━━ Data for this exercise ━━

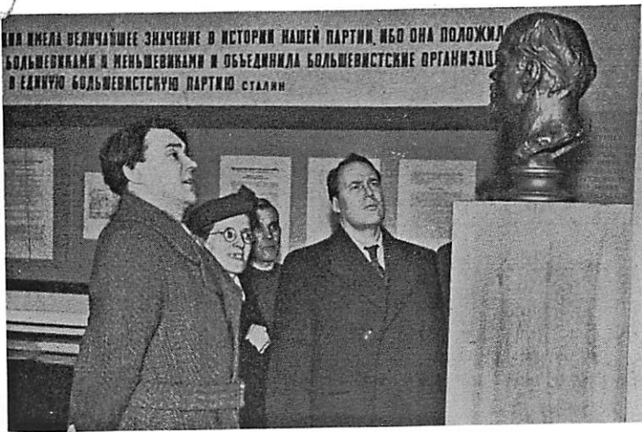
Sovětská delegace v Leni- nově síni Lidového domu v Praze
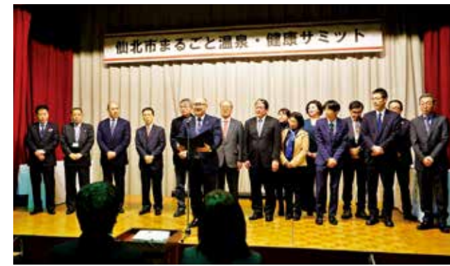
協議会メンバーとゲストによる「ヘルスケア宣言」。

を真心を込めて聞く・友だちなどに嘘をつかない・わかったふりをしない）をしっかりと受け継いでほしい」とあいさつを述べました。 閉校式終了後はグラウンダーガーデンを会場に「中川小学校を語る会」が行われました。参加した方は、閉校記念映像を鑑賞し、当時の思い出話に花を咲かせていました。
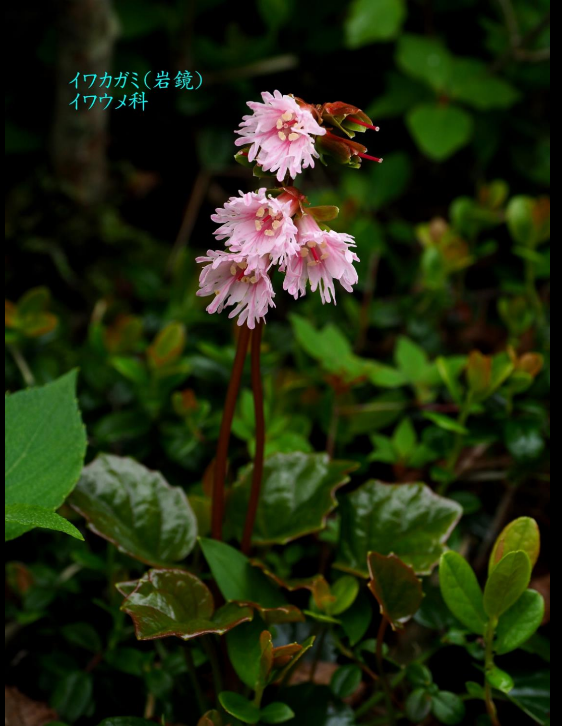
イワカガミ(岩鏡) イワウメ科
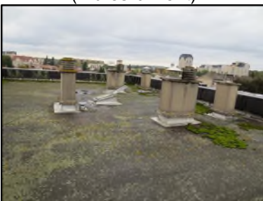
Photo N° 141 ECH-N°3 AMIANTE CIMENT --Toiture Planchers Bitume noir
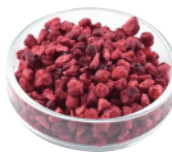
フランボワーズ プリゼ [500g×4]
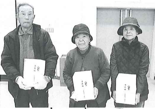
◀ 準優勝：南玉造チーム
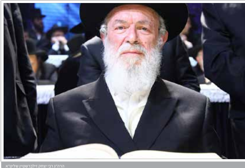
הרה"ג רבי יצחק זילברשטיין שליט"א

אם תחשוב באותם רגעים קשים, שהיצר אורב לך, כי בלימוד שלך אתה מתקרב אל בורא העולמים, מברך 'שהכל נהיה בדברו' - שכל ברכתך מתקיימות, "רצון יראיו יעשה", אז תראה כמה התורה הופכת להיות מתוקה, ותלמד באהבה, עד שיבוא יום והקושי שלך יהיה להתנתק ממנה.

━━━

Task statement -
Return only the lines running from the top of the data to the line that holds "רבי יצחק זילברשטיין". Include both of those lines, but skip the pictures.

Task response -
Sovětská delegace v Leni- nově síni Lidového domu v Praze
協議会メンバーとゲストによる「ヘルスケア宣言」。

を真心を込めて聞く・友だちなどに嘘をつかない・わかったふりをしない）をしっかりと受け継いでほしい」とあいさつを述べました。 閉校式終了後はグラウンダーガーデンを会場に「中川小学校を語る会」が行われました。参加した方は、閉校記念映像を鑑賞し、当時の思い出話に花を咲かせていました。
イワカガミ(岩鏡) イワウメ科
Photo N° 141 ECH-N°3 AMIANTE CIMENT --Toiture Planchers Bitume noir
フランボワーズ プリゼ [500g×4]
◀ 準優勝：南玉造チーム
הרה"ג רבי יצחק זילברשטיין שליט"א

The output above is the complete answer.